Elle bloque le chemin, en prend trop large dans l’escalier mécanique avec sa valise à roulettes et de trop nombreux sacs à porter. Les gens pressés qui déboulent sur la gauche doivent freiner leur élan. Il ne faut pas plus de cinq secondes pour que le flot normal des passagers s’en trouve ralenti, modifié.

Elle ressemble à un gros rocher qui tombe dans une rivière. L’eau proteste, éclabousse l’intrus, mais rien n’y fait. Il a à sa disposition toute la gravité terrestre. La rivière gonfle et prend sur sa gauche ou sur sa droite. Si ce ne sont pas un, mais des amas de roche, une montagne de débris, un arbre savamment abattu par un castor, l’engorgement serait fatal, l’écosystème en prendrait pour son rhume.

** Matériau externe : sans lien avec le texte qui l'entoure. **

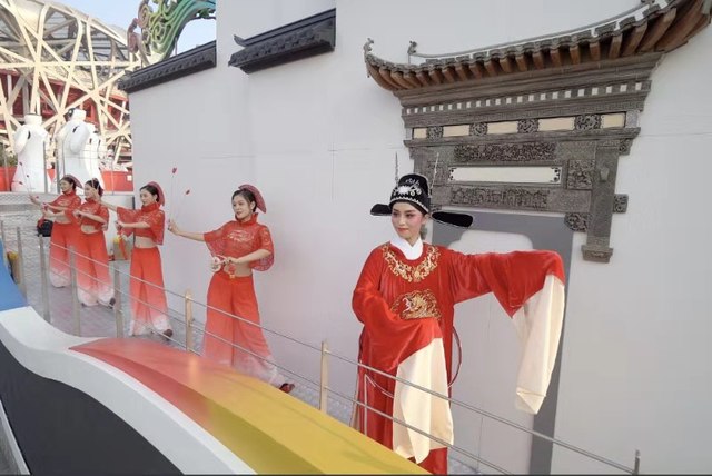 当盛装亮相的“美好安徽”彩车缓缓驶过天安门广场,彩车中部马头墙的两侧分别站着一位“女驸马”。她们帽插宫花,身着红袍,挥舞水袖,唱起清丽婉转的黄梅戏,向全国人民展示徽风皖韵。而这两位女驸马的扮演者均来自tyc122ccVIP。
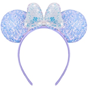 Ободок, Мышка с бантиком, Сиреневый/Белый, 1 шт.
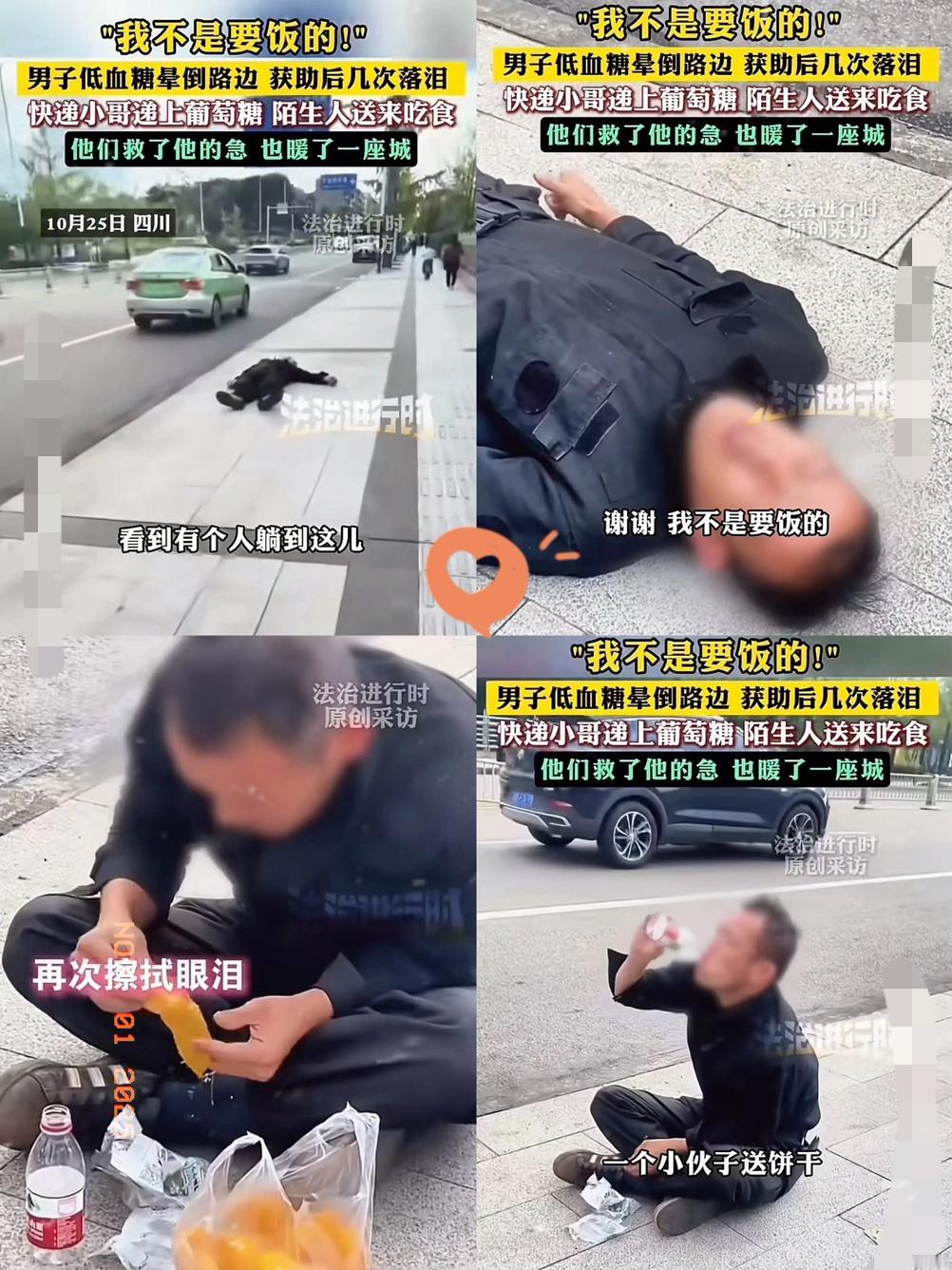 四川街头这幕看得人心里暖暖的! 男子低血糖晕倒在路边,路人要帮叫120, 他却虚弱地摆手——哪是不害怕啊,是舍不得救护车的钱! 还好有个大姐没撒手,一看是低血糖,立马喊着帮找糖 路过的快递小哥直接掏出口袋里的葡萄糖,小心喂他喝 没一会儿,又有小伙子送来了饼干,还轻声劝“慢点吃,别噎着” 另一个大姐更实在,直接买了一大袋面包蛋糕递过去。 男子一开始还不好意思说“我不是要饭的”,可看着这些递过来的食物,眼泪直打转。 这哪是施舍啊?是陌生人怕他饿、怕他难受,掏心掏肺的关照! 其实城市的温暖从来不是靠高楼撑起来的,是靠这些见人难就伸手的普通人。 你们平时遇到过这样的善意吗?哪怕只是一句关心的话,是不是也能记好久?

La petite et vieille dame est comme ce caillou. Elle possède la gravité du temps. Son pas hésitant perce le magma nerveux des passants et chamboule l’harmonieux chaos des gens urbanisés.

Enfin arrivée à l’étage, la vieille dame hésite, reprend son équilibre et s’engage sur le plancher après avoir failli provoquer la chute d’une grosse dame derrière elle. Mais la voie est libre. Les impatients peuvent récupérer leur élan, tandis que d’autres doivent tout de même composer avec le trajet en diagonale de la dame qui semble perdue, ou peu intéressée à trouver la meilleure des lignes, la droite ou la plus confortable pour son souffle.

Je m’apprête à la contourner, moi aussi. Au dernier moment, elle se décide à changer de direction. Je manque tout près de la bousculer. Elle n’a rien vu, semble avoir trouvé finalement le bon chemin, le sourire aux lèvres, les yeux pourtant ramenés au sol comme si elle y cherchait les pierres laissées par un petit Poucet de sa connaissance.

Un jour, je l’espère, je serai comme elle, à me traîner et à ne plus m’occuper des choses importantes, à rêver tout haut sans devoir m’agripper aux exigences urbaines ou même à un salaire.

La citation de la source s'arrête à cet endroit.